Пейзаж за окном был вполне живописен. Сентябрь вступил на землю, по русским меркам, это уже осень, а здесь признаки увядания только наметились, придав природе особое очарование. Воздух прозрачен, небо без облаков. Купы дерев, совсем еще зеленые, стоят поодаль от дороги с тихой торжественностью… холмы… пастушка, пасущая белых коз… поселянин, стадо… приличные хижины с садами, полными спелых яблок и груш, а на горизонте, на взгорочке, старинный замок с узкой башней и зубчатыми стенами. Отличный материал для всяческого рода грез и мечтаний. Виктор тоже смотрит в окно, Пьер спит, откинувшись головой на подушки, и только неподвижная, словно окаменевшая, фигура Шамбера и вредная улыбочка его мешают Матвею с полной свободой отлететь в мир фантазии.

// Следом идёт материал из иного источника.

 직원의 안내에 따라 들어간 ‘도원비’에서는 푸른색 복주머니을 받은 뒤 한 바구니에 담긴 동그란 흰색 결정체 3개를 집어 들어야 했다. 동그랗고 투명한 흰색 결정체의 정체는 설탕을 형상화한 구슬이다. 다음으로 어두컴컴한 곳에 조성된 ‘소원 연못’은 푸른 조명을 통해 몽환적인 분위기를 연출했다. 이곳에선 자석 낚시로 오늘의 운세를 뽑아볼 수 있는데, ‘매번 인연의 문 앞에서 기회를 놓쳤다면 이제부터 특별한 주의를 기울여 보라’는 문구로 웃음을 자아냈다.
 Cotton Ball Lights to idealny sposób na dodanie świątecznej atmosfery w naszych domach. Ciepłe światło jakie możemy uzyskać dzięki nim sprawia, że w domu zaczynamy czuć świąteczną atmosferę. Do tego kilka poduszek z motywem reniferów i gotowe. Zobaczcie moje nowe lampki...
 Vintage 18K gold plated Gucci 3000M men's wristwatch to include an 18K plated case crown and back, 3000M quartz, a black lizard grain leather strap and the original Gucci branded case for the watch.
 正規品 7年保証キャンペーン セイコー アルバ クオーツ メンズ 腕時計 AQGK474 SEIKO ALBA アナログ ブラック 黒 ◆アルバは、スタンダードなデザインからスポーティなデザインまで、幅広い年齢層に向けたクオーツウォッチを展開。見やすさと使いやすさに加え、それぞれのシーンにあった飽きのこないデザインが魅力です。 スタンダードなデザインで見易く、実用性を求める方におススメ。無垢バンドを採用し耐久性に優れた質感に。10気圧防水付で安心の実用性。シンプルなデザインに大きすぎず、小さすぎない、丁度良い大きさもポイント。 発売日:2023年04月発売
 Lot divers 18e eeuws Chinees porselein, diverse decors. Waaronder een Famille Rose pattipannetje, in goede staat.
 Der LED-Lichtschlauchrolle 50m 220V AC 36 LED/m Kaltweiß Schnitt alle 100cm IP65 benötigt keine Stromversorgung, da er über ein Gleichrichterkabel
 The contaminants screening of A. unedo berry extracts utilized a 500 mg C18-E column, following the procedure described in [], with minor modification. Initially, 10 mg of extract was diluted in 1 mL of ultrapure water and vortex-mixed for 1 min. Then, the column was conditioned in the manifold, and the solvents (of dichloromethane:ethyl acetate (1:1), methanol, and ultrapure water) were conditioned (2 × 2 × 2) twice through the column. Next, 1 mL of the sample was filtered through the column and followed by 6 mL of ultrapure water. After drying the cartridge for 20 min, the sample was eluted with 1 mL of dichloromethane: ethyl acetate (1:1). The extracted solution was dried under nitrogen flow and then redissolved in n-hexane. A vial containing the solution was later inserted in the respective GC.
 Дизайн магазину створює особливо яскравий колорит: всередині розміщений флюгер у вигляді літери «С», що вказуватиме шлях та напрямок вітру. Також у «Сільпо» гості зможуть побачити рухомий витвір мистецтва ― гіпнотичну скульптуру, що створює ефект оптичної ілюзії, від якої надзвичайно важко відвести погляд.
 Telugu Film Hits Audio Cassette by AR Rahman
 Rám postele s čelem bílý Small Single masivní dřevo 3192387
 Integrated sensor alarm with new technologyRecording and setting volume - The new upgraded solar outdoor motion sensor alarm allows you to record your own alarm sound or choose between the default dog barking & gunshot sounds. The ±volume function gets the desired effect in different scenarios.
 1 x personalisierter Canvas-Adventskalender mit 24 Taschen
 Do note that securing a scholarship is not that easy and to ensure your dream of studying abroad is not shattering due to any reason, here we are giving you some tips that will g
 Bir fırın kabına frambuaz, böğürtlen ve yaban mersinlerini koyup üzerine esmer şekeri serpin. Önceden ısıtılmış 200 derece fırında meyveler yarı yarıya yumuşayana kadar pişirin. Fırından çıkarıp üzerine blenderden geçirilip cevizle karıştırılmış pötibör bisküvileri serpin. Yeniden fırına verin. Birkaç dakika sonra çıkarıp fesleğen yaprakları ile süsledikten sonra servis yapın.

Шамбер Матвею сразу не понравился. Об этом господине следует поговорить особо. Он строен, одет с изяществом, предпочитает черный цвет, движения, его замедленны, словно все суставы заржавели, а может быть, просто ему лень лишний раз переставить ноги или повернуть голову. У Шамбера странное лицо. На первый взгляд, оно казалось красивым из-за чистой кожи и синих глаз, однако потом оно начинало не нравиться, и каждый невольно пытался искать этому объяснение. Какой же он красавец? Нос приплюснут и рот безгубый! Но с другой стороны-то, на свете полно приплюснутых носов и щелевидных ртов, а разве всегда мы к ним испытываем неприязнь? Нет, тут другое… Матвей решил, что все дело в улыбочке Шамбера, не столько насмешливой, сколько презрительной, мол, вы тут живите, как хотите, а я сам по себе, потому что всех умнее и никого не боюсь, И еще, конечно, теснота кареты усиливает эту неприязнь. В толпе увидишь такую улыбку, пройдешь и забудешь, а тут чуть от окна отвернешься, а он вот, перед тобой. Матвей только и делал, что искал у Шамбера недостатки. И находил…

Во-первых, чрезвычайно действовала на нервы его черная дорожная шляпа с узкими полями, высокой тульей и предлинным жестким козырьком, который на ухабах угрожал выколоть Матвею глаза. Шляпу Шамбер не снимал никогда. Ну ладно, шут с ним, может, он лысину закрывает, а на парик денег нет. Но на кой черт в таком малом пространстве, как карета, все время сосать чрезвычайно пахучие конфетки? Запах мяты Матвей с детства не переносил. Конфеты были разноцветные, засахаренные. Шамбер доставал их из маленькой коробочки вроде табакерки или мушечницы. Настоящий мужчина нюхает табак или в крайнем случае закладывает его за щеку, но чмокать наподобие девицы-гризетки – это, простите, просто неприлично. Потом Шамбер обмолвился, что всегда берет конфетки в дорогу, чтобы предотвратить тошноту, которую вызывает у него качка. Признание это не вызвало у Матвея ни малейшего сочувствия, только еще больше распалило неприязнь. И еще… Шамбер всегда спорил. Откроет свой пропахший мятой рот: «По-озвольте с вами не согласиться…» Позвольте не согласиться, что за поворотом будет гостиница, что лошади устали, что дорога утомительна и что на дворе сентябрь.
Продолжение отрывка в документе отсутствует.